Борисов достал партийный билет. Новенькая книжечка, два года не проносил.
– Вот этим клянусь! Пока жить буду!..
– Об одном жалею, – словно говоря с самим собой, отозвался Никанор, – не успел вступить. Все-таки легче, когда с такой книжкой, в ней ведь какого человека сердце стучит!.. – На его широком скуластом лице отразилась грусть. – Раньше не думал, на «авось» жил, а вот теперь как бы сгодилось!..
Борисов заложил билет в санитарный пакет, обмотал бинтом. Посмотрел на убитых, потом склонился над мальчиком. Набрал в ладонь еще не остывшей крови, залил бинт. Завернул штанину на своей ноге, туго прикрутил драгоценный сверток кровавой тряпкой.
Никанор понимающе и одобрительно следил за ним.
…Однажды они спали в лесу, зарывшись в копну. На рассвете Никанор разбудил Николая.
– Да проснись же, политрук! Слышишь?
Николай прислушался. В отдалении громыхало. Но небо было ясным, и он понял, что это такое.

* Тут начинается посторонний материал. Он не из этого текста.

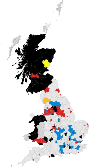 Map of the control of Scottish councils following the 2012 council elections. Black indicates no overall control, red indicates majority Scottish Labour control, and yellow indicates majority Scottish National Party control.
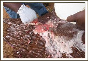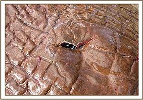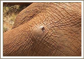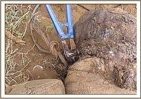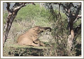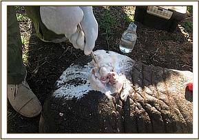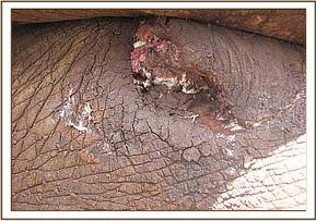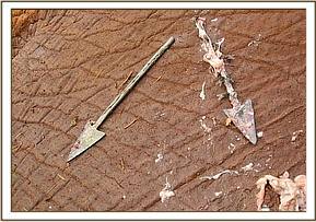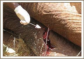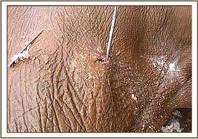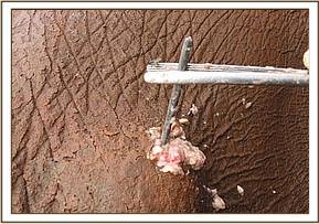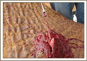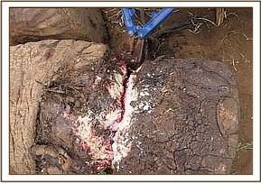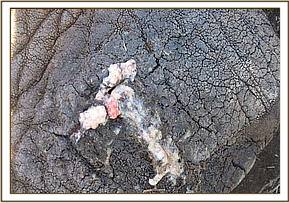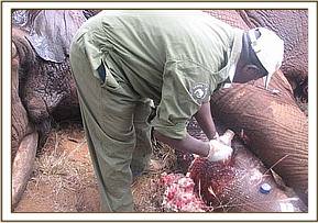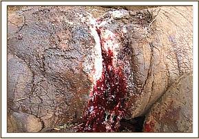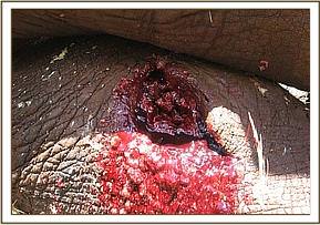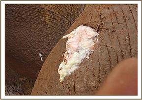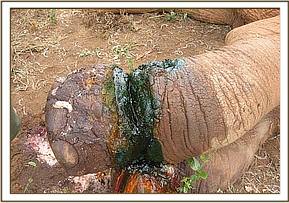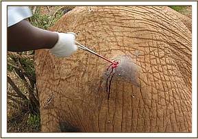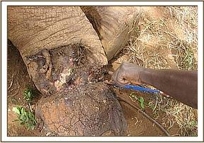 The fourth elephant with an arrow head deeply lodged at the medial aspect of the right fore leg was treated at Rukinga ranch. The injury was heavily infected and extensively spread under the skin. Necrotic tissues were debrided after cleaning the wound. It was topically treated and an antibiotic cover given.

Оставалось самое трудное – перейти линию фронта.
Больше они не ложились спать. Шли днем, сторонясь селений – было бы глупо в последние часы нарваться на вражеские патрули, – ночью выбирались на проселки и спорым солдатским шагом проходили один десяток километров за другим, не останавливаясь даже, чтобы поесть.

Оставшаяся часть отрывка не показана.